***** Supplied data *****
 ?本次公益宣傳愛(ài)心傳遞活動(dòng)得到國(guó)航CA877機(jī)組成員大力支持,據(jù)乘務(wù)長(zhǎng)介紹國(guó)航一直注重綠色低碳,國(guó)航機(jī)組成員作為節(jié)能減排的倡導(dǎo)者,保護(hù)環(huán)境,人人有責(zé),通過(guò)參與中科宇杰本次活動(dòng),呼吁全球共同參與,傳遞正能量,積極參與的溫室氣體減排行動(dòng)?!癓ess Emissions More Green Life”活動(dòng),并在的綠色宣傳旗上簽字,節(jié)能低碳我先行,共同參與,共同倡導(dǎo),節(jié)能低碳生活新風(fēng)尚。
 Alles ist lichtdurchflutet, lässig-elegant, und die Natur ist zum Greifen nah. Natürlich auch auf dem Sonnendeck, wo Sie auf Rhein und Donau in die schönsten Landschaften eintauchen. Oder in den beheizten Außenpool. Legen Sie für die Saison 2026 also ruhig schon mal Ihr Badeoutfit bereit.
*****
***** Supplied data *****
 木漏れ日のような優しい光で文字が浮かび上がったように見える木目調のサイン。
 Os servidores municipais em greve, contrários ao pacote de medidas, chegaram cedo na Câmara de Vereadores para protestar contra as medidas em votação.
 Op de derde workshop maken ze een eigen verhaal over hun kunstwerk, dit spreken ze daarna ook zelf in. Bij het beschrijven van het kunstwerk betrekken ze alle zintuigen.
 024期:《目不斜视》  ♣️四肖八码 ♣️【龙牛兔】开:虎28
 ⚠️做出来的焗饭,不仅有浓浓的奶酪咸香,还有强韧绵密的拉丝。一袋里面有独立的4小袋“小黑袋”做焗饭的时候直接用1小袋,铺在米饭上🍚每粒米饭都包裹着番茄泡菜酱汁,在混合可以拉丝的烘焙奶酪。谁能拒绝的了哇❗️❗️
*****
***** Supplied data *****
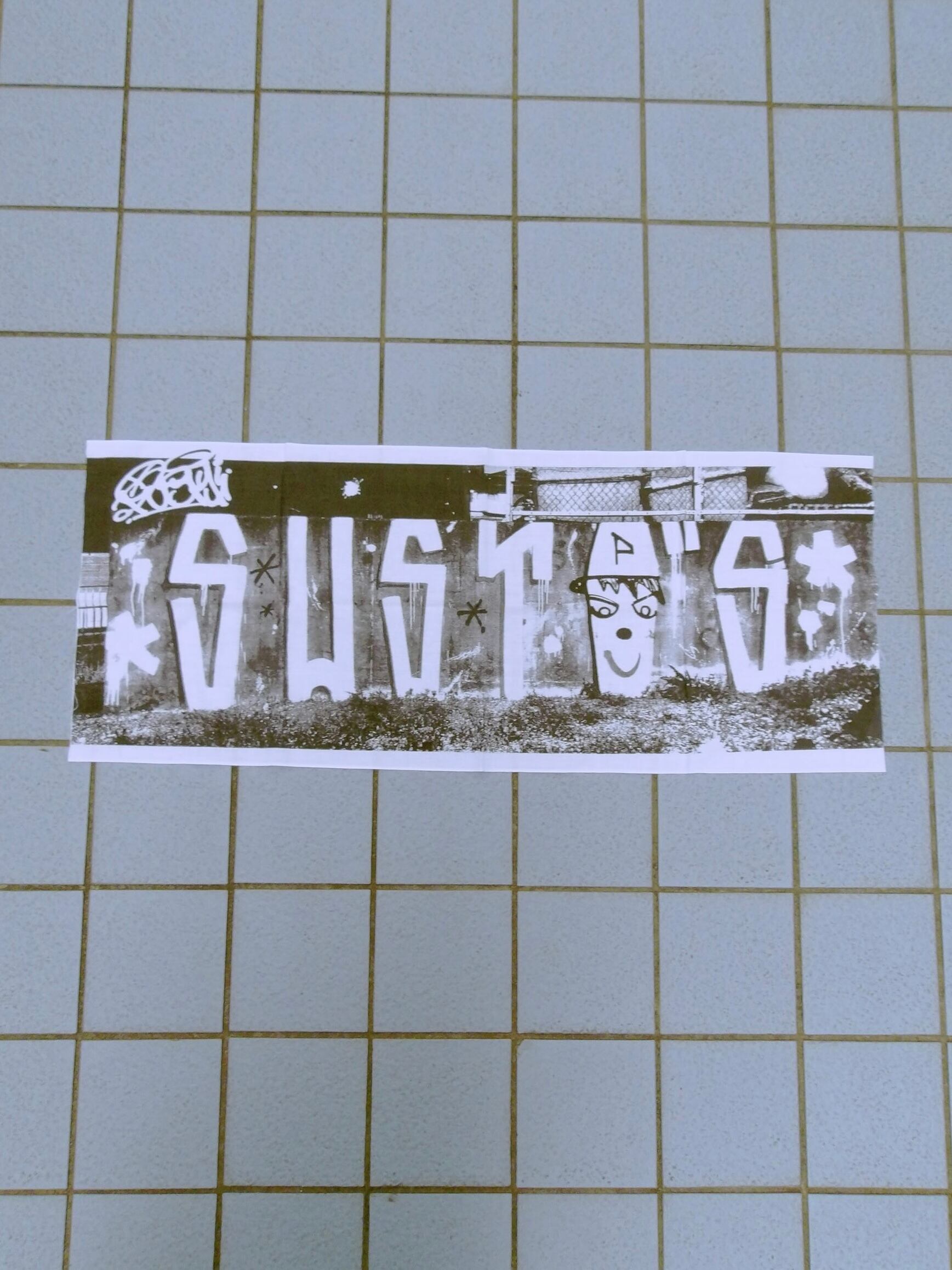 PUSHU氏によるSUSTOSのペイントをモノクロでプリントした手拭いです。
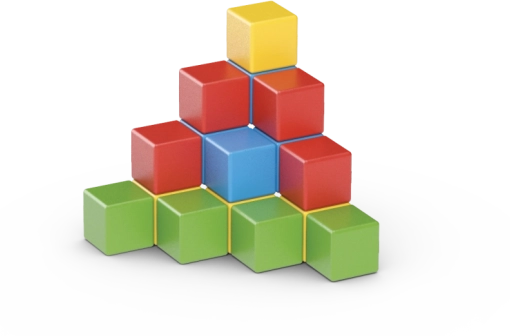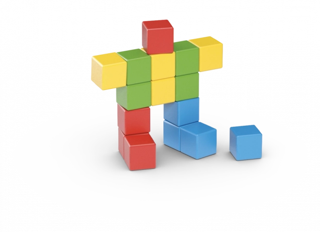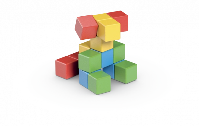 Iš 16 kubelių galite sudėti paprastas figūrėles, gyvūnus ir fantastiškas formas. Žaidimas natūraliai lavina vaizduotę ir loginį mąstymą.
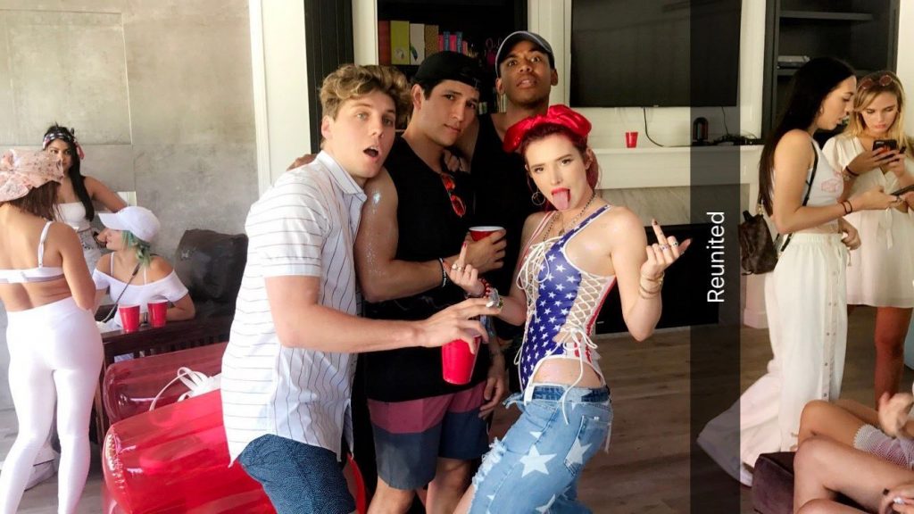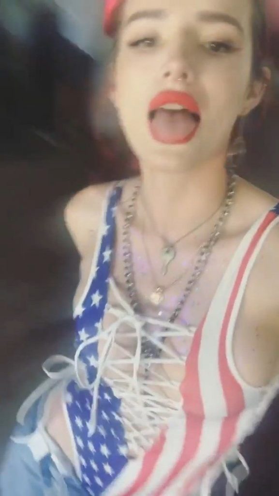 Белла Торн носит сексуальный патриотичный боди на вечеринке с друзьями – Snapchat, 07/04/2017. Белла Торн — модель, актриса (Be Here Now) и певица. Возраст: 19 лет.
*****
## Aim of the exercise
Taking the entries above, print exactly the lines starting at the line with "Emissions More Green" and ending at the line with "Alles ist lichtdurchflutet, lässig-elegant, und", both included.

## Solution to the problem
 ?本次公益宣傳愛(ài)心傳遞活動(dòng)得到國(guó)航CA877機(jī)組成員大力支持,據(jù)乘務(wù)長(zhǎng)介紹國(guó)航一直注重綠色低碳,國(guó)航機(jī)組成員作為節(jié)能減排的倡導(dǎo)者,保護(hù)環(huán)境,人人有責(zé),通過(guò)參與中科宇杰本次活動(dòng),呼吁全球共同參與,傳遞正能量,積極參與的溫室氣體減排行動(dòng)?!癓ess Emissions More Green Life”活動(dòng),并在的綠色宣傳旗上簽字,節(jié)能低碳我先行,共同參與,共同倡導(dǎo),節(jié)能低碳生活新風(fēng)尚。
 Alles ist lichtdurchflutet, lässig-elegant, und die Natur ist zum Greifen nah. Natürlich auch auf dem Sonnendeck, wo Sie auf Rhein und Donau in die schönsten Landschaften eintauchen. Oder in den beheizten Außenpool. Legen Sie für die Saison 2026 also ruhig schon mal Ihr Badeoutfit bereit.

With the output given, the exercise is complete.